McGonigal, who retired from the FBI in 2018, agreed in 2021 to “investigate a rival Russian oligarch in return for concealed payments from Deripaska”, the DoJ said.
He worked for the sanctioned oligarch both via a law firm and directly, prosecutors said. He was paid tens of thousands of dollars for his services, they alleged.
The 54-year-old McGonigal and 69-year-old Shestakov also attempted to get the sanctions against Deripaska lifted in 2019, prosecutors said.
Shestakov, who was a New York-based diplomat for both Soviet and post-Soviet Russia, had remained in the US to work as a Russian interpreter in federal courts.
If convicted, McGonigal could face a maximum of 80 years in prison, while Shestakov could face 85 years. “They both previously worked with Deripaska to attempt to have his sanctions removed, and, as public servants, they should have known better,” Damian Williams, the US attorney for the Southern District of New York said.
A representative for Deripaska did not immediately respond to a request for comment.
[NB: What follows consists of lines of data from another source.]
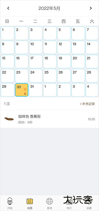 5、日历里可以查看到每日的便便情况,还可以补充遗漏的情况;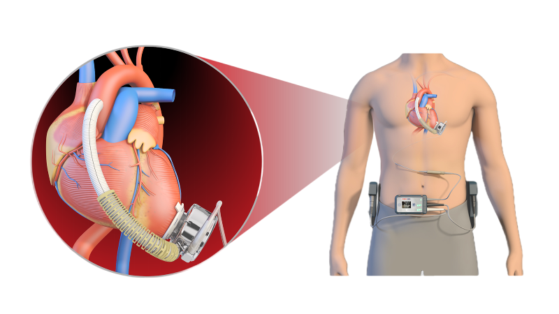 人工心臟學名“植入式左心室輔助系統”,由體內植入部件和體外攜帶部件組成,主要為進展期難治性左心衰患者血液循環提供機械支持,其核心部件是一個血泵,將血液從心臟引出,提升壓力后,輸送到主動脈,從而達到卸天然心臟負荷的功能,使天然心臟得到休息,同時補充了天然心臟泵血能力不足的問題。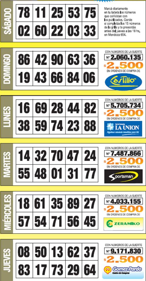 Como cada jueves, se publicó la grilla completa de los Números de Oro de LA GACETA para que los lectores puedan revisar sus tarjetas. Aquellos que completen los 15 números de una de las grillas de su cartón de Números de Oro deberán presentarse en calle Mendoza 654 hasta las 18, que cierra la semana número 29 de Números de Oro. En caso de que el ganador sea usuario Tarjeta Sol, duplica el premio.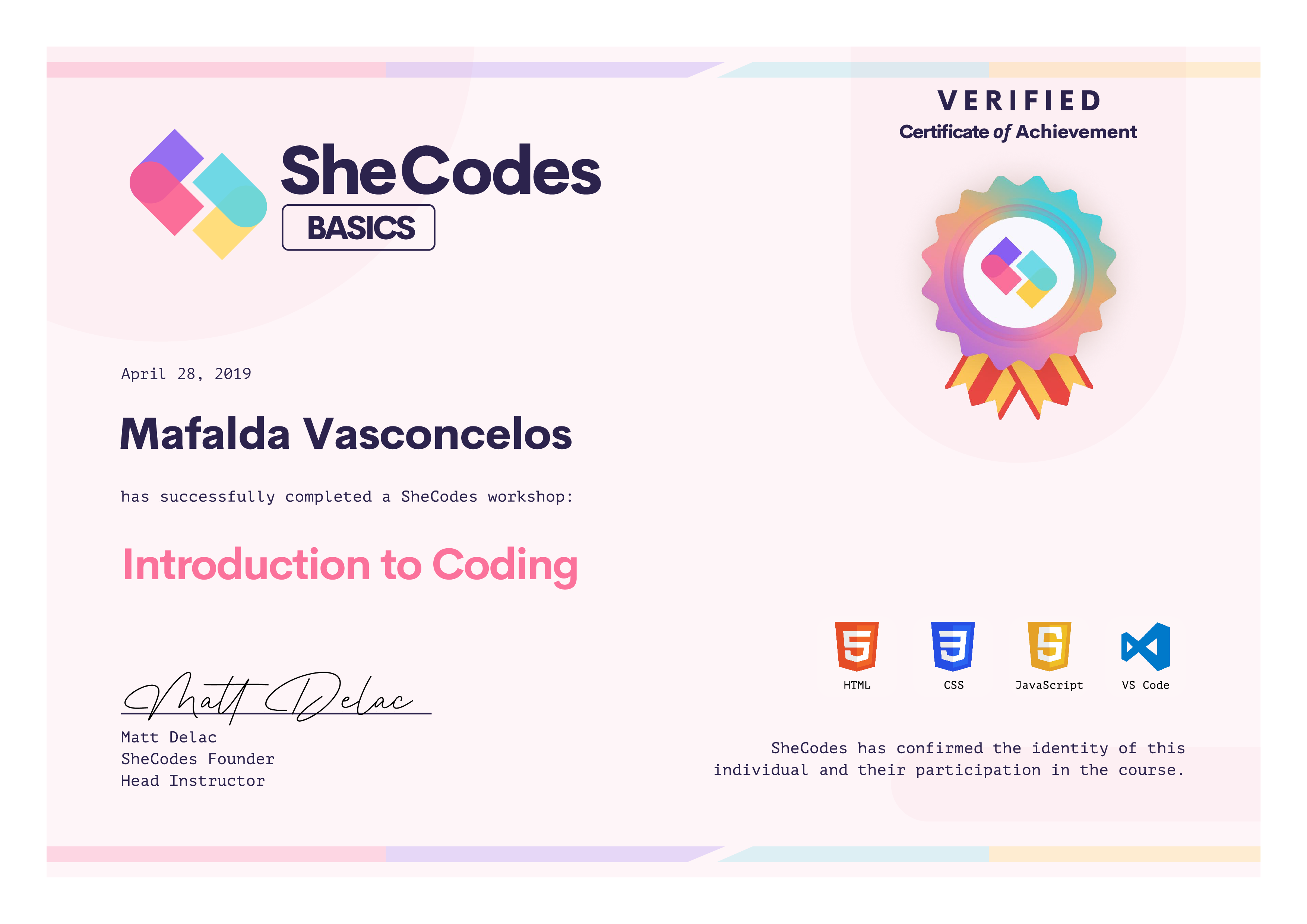 β€œIt was an amazing experience. I highly recommend SheCodes to begin a journey in Coding! We had the chance to learn HTML, CSS and JAVAScript, all valuable tools for the future.”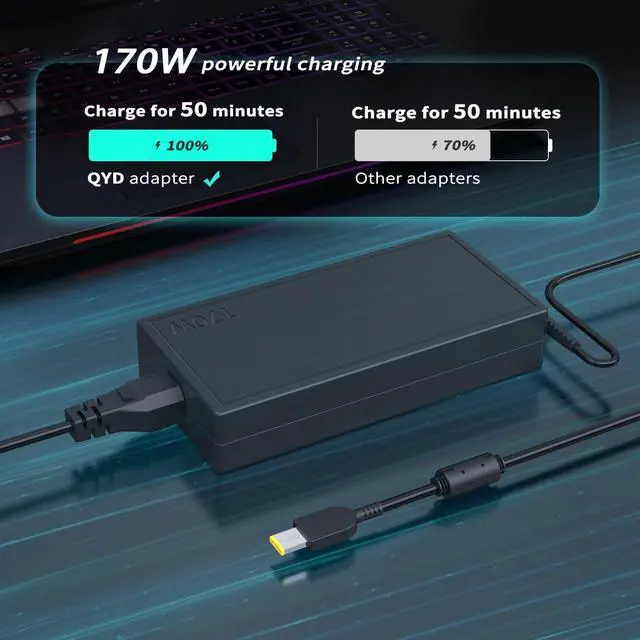 Connector: Slim Tip. QYD 170W Laptop Charger has been tested and is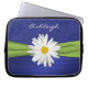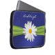 This personalized royal blue and lime green damask laptop sleeve with a FAUX ribbon and pleated look satin has a bright white Shasta Daisy flower image on it, along with a text box for you to customize with your own name, initials, business name, or other text. If you need any help customizing, please email niteowlstudio@gmail.com.

But his clashes with the Kremlin over the war have done little to mend his longstanding and hostile relationship with western authorities.
US authorities charged Deripaska and his associates in September with violating sanctions, while Ekaterina Voronina, Deripaska’s girlfriend, was charged with making false statements to US authorities as she attempted to enter the country to give birth to the couple’s child.
Graham Bonham-Carter, a British businessman who worked for Deripaska was arrested in London the following month, after being charged by US authorities for allegedly assisting his boss in evading sanctions.
Deripaska faces separate legal proceedings in the UK, where he is being accused of being in contempt of court.